**Aim of the task**
Your copy should match the records exactly, apart from the pictures, which stay out.

**Provided data**
○ ○ ○ ○ ○
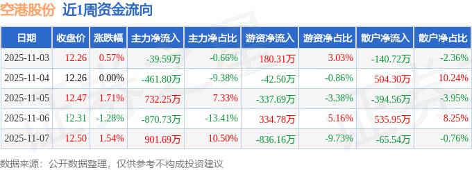 资金流向数据方面,本周空港股份主力资金合计净流入261.83万元,游资资金合计净流出701.26万元,散户资金合计净流入439.43万元。本周资金流向一览见下表:
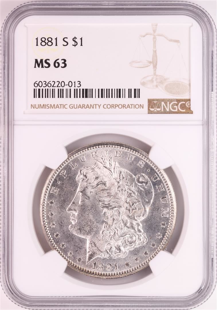 One 1881-S $1 Morgan Silver Dollar Coin NGC MS63 Nice Toning. NGC Certified.
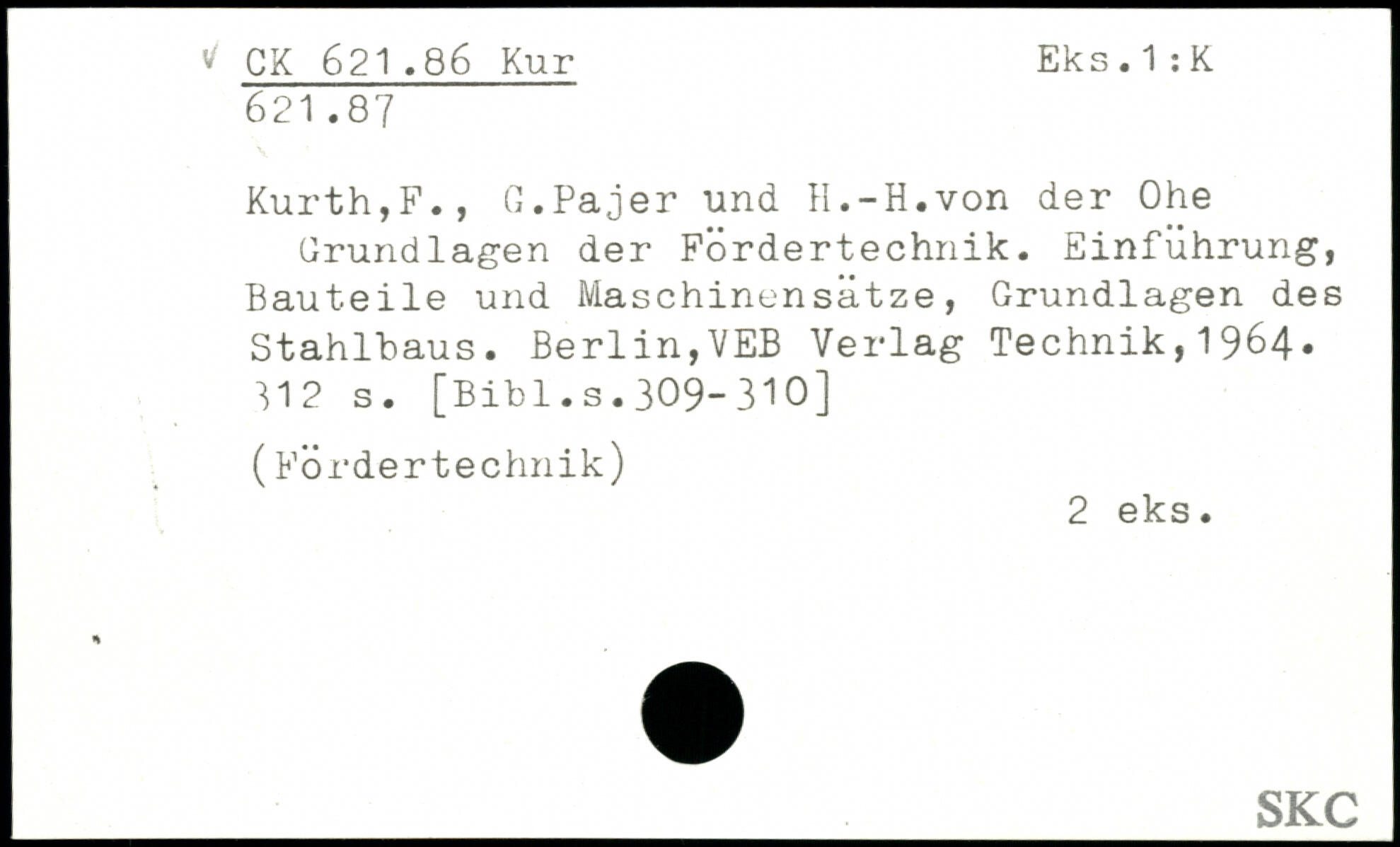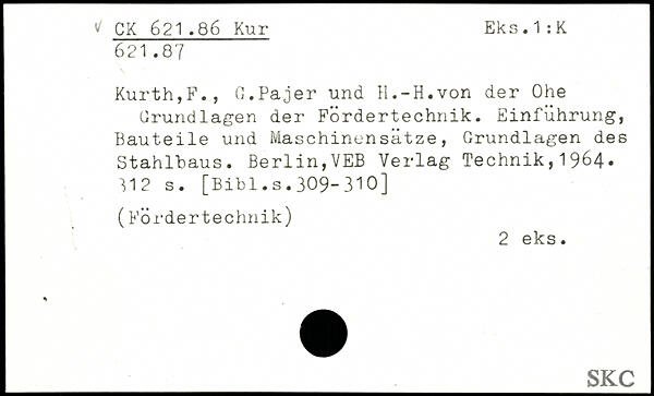 Kurth,F., G.Pajer und II.-H.von der Ohe Grundlagen der Fördertechnik. Einführung, Bauteile und Maschinensatze, Grundlagen des Stahlbaus.
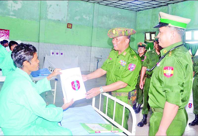 စစ်ကိုင်းတိုင်းဒေသကြီး ဟုမ္မလင်းမြို့ရှိ တပ်မတော်ဆေးရုံ၌ တက်ရောက်ကုသမှုခံယူလျက်ရှိသော သံဃာတော်များ၊ အရာရှိ၊ စစ်သည်၊ မိသားစုဝင်များ၊ မြန်မာနိုင်ငံရဲတပ်ဖွဲ့ဝင်များ၊ ပြည်သူ့စစ် (ဌာနေ) တပ်ဖွဲ့ဝင်များ၊ စစ်မှုထမ်းဟောင်းအဖွဲ့ဝင်များနှင့် ဒေသခံပြည်သူများအား ယနေ့တွင် အနောက်မြောက်တိုင်းစစ်ဌာနချုပ် တိုင်းမှူး ဗိုလ်မှူးချုပ် မျိုးမင်းထွေးနှင့် တာဝန်ရှိသူများက သွားရောက်ကြည့်ရှု၍ တစ်ဦးချင်း၏ ရောဂါဖြစ်ပွားမှု၊ ဆေးကုသပေးထားမှုနှင့် ကျန်းမာရေးတိုးတက်ကောင်းမွန်မှုအခြေအနေများကို မေးမြန်းအားပေးစကားပြောကြားပြီး အာဟာရဖြည့်စားသောက်ဖွယ်ရာများပေးအပ်ကာ ဆေးရုံအတွင်း လိုက်လံကြည့်ရှုစစ်ဆေးသည်။
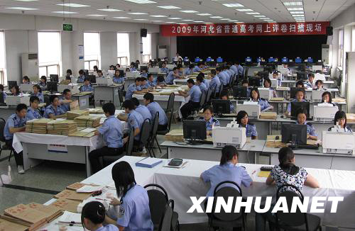 日前,媒体受邀走进2009年高考网上评卷现场,了解了高考网上评卷的全部流程。截至目前,全国各省区市已全部进入高考评卷程序。这是一个壮观的场面——3000人面对电脑、目不转睛,评判55.78万名考生的220万份高考试卷。据介绍,网上评卷是运用计算机网络技术和电子扫描技术将纸介质答卷扫描生成图像,选择题部分由计算机对考生填涂的信息点比对标准答案自动给分,非选择题部分由评卷教师在计算机网络上对考生的答题图像进行评阅给分。
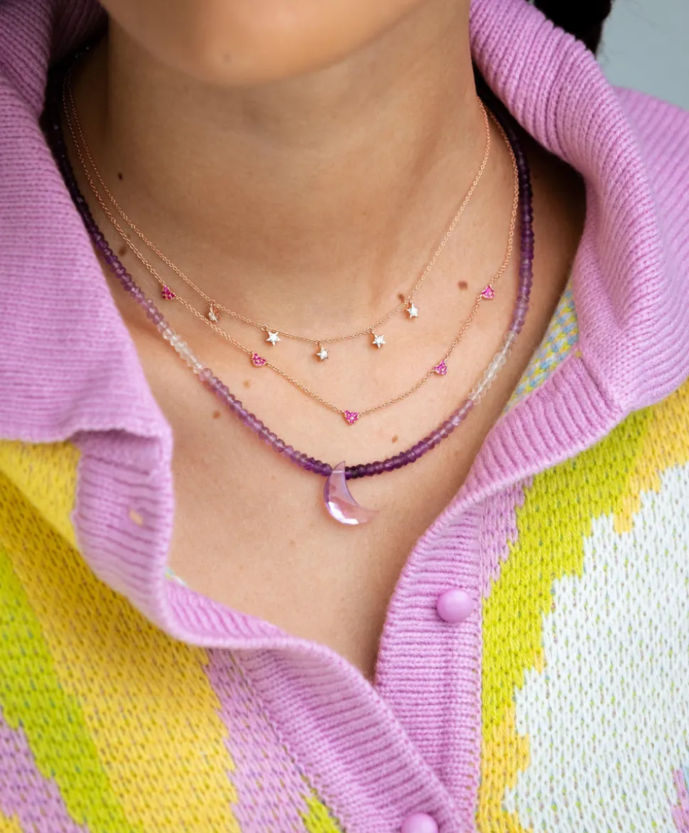 Timeless cool and ethical sourcing are at the heart of London-based Roxanne First’s fine jewelry studio. Solid gold, beautiful beads, and hand-picked diamonds come alive in her vibrant, fun-loving collections that find the meeting place of whimsy and contemporary luxury. Diamond encrusted stars grace the gold chain along the Diamond Star Necklace, a celestial celebration we love layered with other pieces, or on its own.
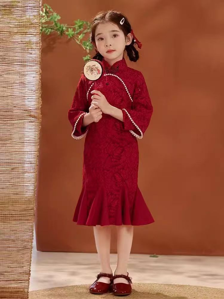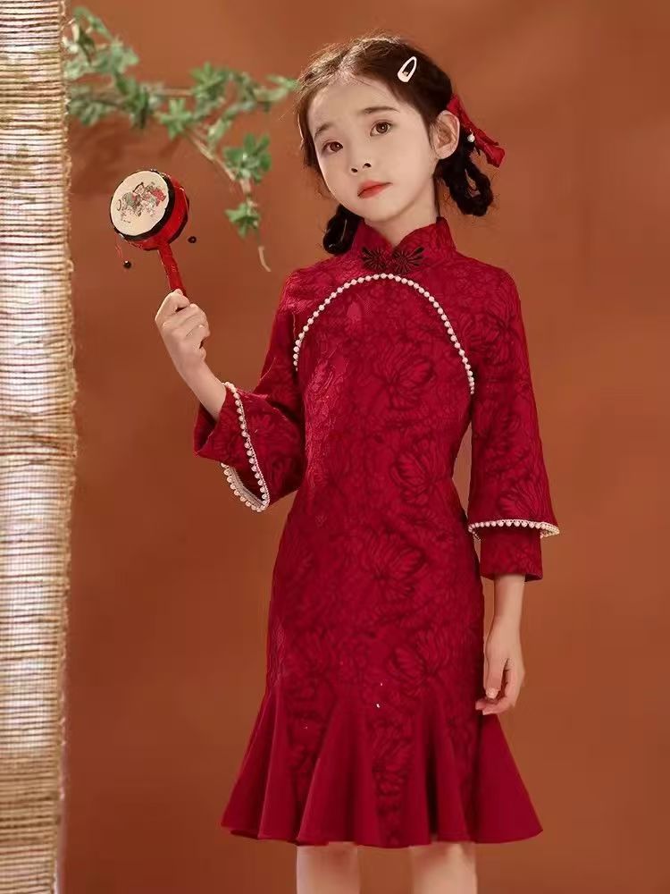 소녀 청삼 2024 새로운 봄과 가을 중국 스타일 어린 소녀 빨간 새로운 중국 스타일 꽃 소녀 원피스 어린이 원피스스토어 가기
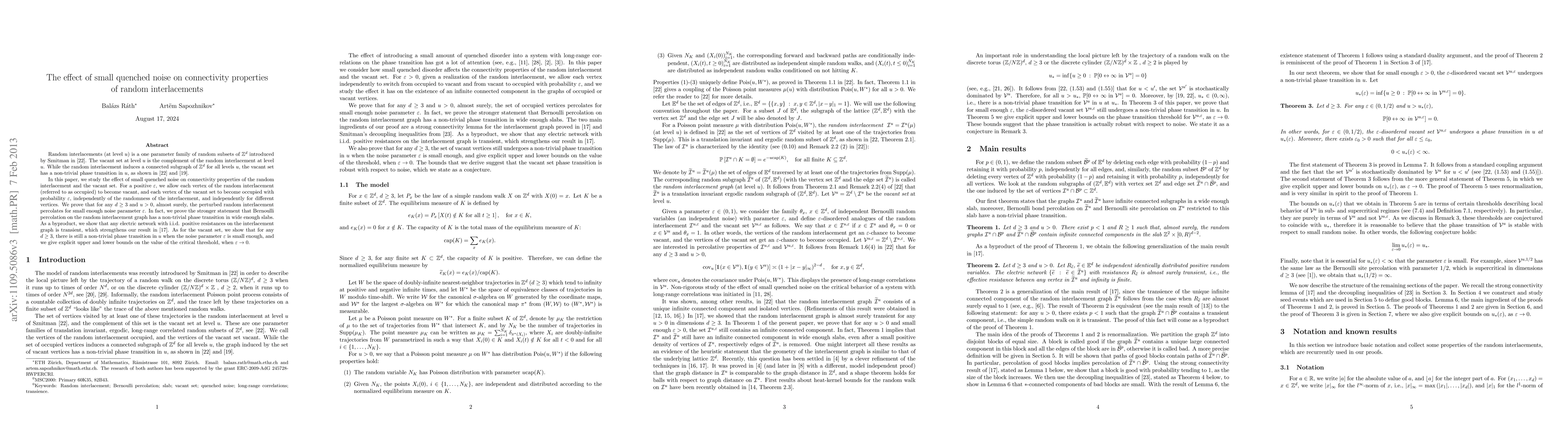 This paper investigates the impact of small quenched noise on the connectivity properties of random interlacements and their vacant sets in Z^d. It demonstrates that for sufficiently small noise, the perturbed random interlacement percolates and exhibits a non-trivial phase transition, while the vacant set retains a non-trivial phase transition in connectivity as the noise parameter approaches zero.
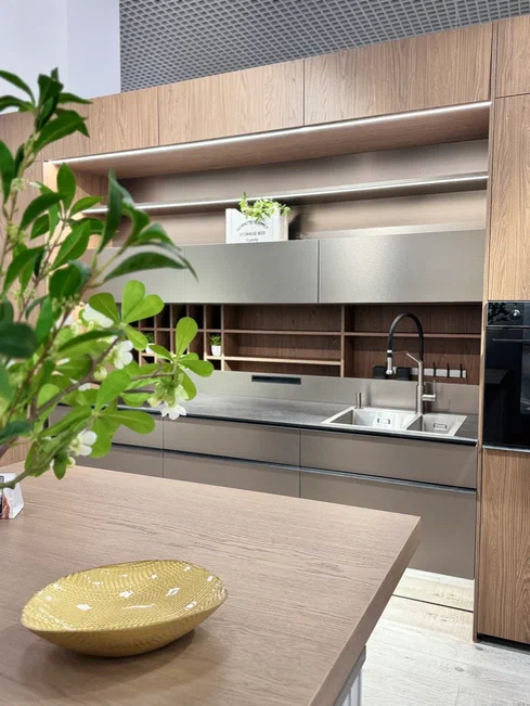 Подъёмный фартук (система MoverFlat), керамика Compact-Laminate, посудомоечная машина в компактном корпусе и максимум продуманного хранения — в этой кухне всё работает на вас.
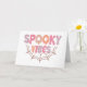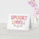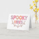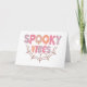 Ce design amusant et festif d'Halloween présente la phrase « Spooky Vibes » dans une police ludique et dégoulinante qui donne au texte un effet gluant et inquiétant. Les mots sont remplis de teintes douces et pastel de rose, d'orange, de violet et de pêche, ajoutant une touche légère et fantaisiste au thème effrayant. Sous le texte, une simple illustration de toile d'araignée de couleur marron clair ajoute une touche classique d'Halloween, reliant le design. La combinaison des couleurs pastel et des éléments effrayants crée un contraste unique qui est à la fois mignon et un peu effrayant, ce qui le rend parfait pour Halloween.
○ ○ ○ ○ ○
**Response to this exercise**
 资金流向数据方面,本周空港股份主力资金合计净流入261.83万元,游资资金合计净流出701.26万元,散户资金合计净流入439.43万元。本周资金流向一览见下表:
 One 1881-S $1 Morgan Silver Dollar Coin NGC MS63 Nice Toning. NGC Certified.
 Kurth,F., G.Pajer und II.-H.von der Ohe Grundlagen der Fördertechnik. Einführung, Bauteile und Maschinensatze, Grundlagen des Stahlbaus.
 စစ်ကိုင်းတိုင်းဒေသကြီး ဟုမ္မလင်းမြို့ရှိ တပ်မတော်ဆေးရုံ၌ တက်ရောက်ကုသမှုခံယူလျက်ရှိသော သံဃာတော်များ၊ အရာရှိ၊ စစ်သည်၊ မိသားစုဝင်များ၊ မြန်မာနိုင်ငံရဲတပ်ဖွဲ့ဝင်များ၊ ပြည်သူ့စစ် (ဌာနေ) တပ်ဖွဲ့ဝင်များ၊ စစ်မှုထမ်းဟောင်းအဖွဲ့ဝင်များနှင့် ဒေသခံပြည်သူများအား ယနေ့တွင် အနောက်မြောက်တိုင်းစစ်ဌာနချုပ် တိုင်းမှူး ဗိုလ်မှူးချုပ် မျိုးမင်းထွေးနှင့် တာဝန်ရှိသူများက သွားရောက်ကြည့်ရှု၍ တစ်ဦးချင်း၏ ရောဂါဖြစ်ပွားမှု၊ ဆေးကုသပေးထားမှုနှင့် ကျန်းမာရေးတိုးတက်ကောင်းမွန်မှုအခြေအနေများကို မေးမြန်းအားပေးစကားပြောကြားပြီး အာဟာရဖြည့်စားသောက်ဖွယ်ရာများပေးအပ်ကာ ဆေးရုံအတွင်း လိုက်လံကြည့်ရှုစစ်ဆေးသည်။
 日前,媒体受邀走进2009年高考网上评卷现场,了解了高考网上评卷的全部流程。截至目前,全国各省区市已全部进入高考评卷程序。这是一个壮观的场面——3000人面对电脑、目不转睛,评判55.78万名考生的220万份高考试卷。据介绍,网上评卷是运用计算机网络技术和电子扫描技术将纸介质答卷扫描生成图像,选择题部分由计算机对考生填涂的信息点比对标准答案自动给分,非选择题部分由评卷教师在计算机网络上对考生的答题图像进行评阅给分。
 Timeless cool and ethical sourcing are at the heart of London-based Roxanne First’s fine jewelry studio. Solid gold, beautiful beads, and hand-picked diamonds come alive in her vibrant, fun-loving collections that find the meeting place of whimsy and contemporary luxury. Diamond encrusted stars grace the gold chain along the Diamond Star Necklace, a celestial celebration we love layered with other pieces, or on its own.
 소녀 청삼 2024 새로운 봄과 가을 중국 스타일 어린 소녀 빨간 새로운 중국 스타일 꽃 소녀 원피스 어린이 원피스스토어 가기
 This paper investigates the impact of small quenched noise on the connectivity properties of random interlacements and their vacant sets in Z^d. It demonstrates that for sufficiently small noise, the perturbed random interlacement percolates and exhibits a non-trivial phase transition, while the vacant set retains a non-trivial phase transition in connectivity as the noise parameter approaches zero.
 Подъёмный фартук (система MoverFlat), керамика Compact-Laminate, посудомоечная машина в компактном корпусе и максимум продуманного хранения — в этой кухне всё работает на вас.
 Ce design amusant et festif d'Halloween présente la phrase « Spooky Vibes » dans une police ludique et dégoulinante qui donne au texte un effet gluant et inquiétant. Les mots sont remplis de teintes douces et pastel de rose, d'orange, de violet et de pêche, ajoutant une touche légère et fantaisiste au thème effrayant. Sous le texte, une simple illustration de toile d'araignée de couleur marron clair ajoute une touche classique d'Halloween, reliant le design. La combinaison des couleurs pastel et des éléments effrayants crée un contraste unique qui est à la fois mignon et un peu effrayant, ce qui le rend parfait pour Halloween.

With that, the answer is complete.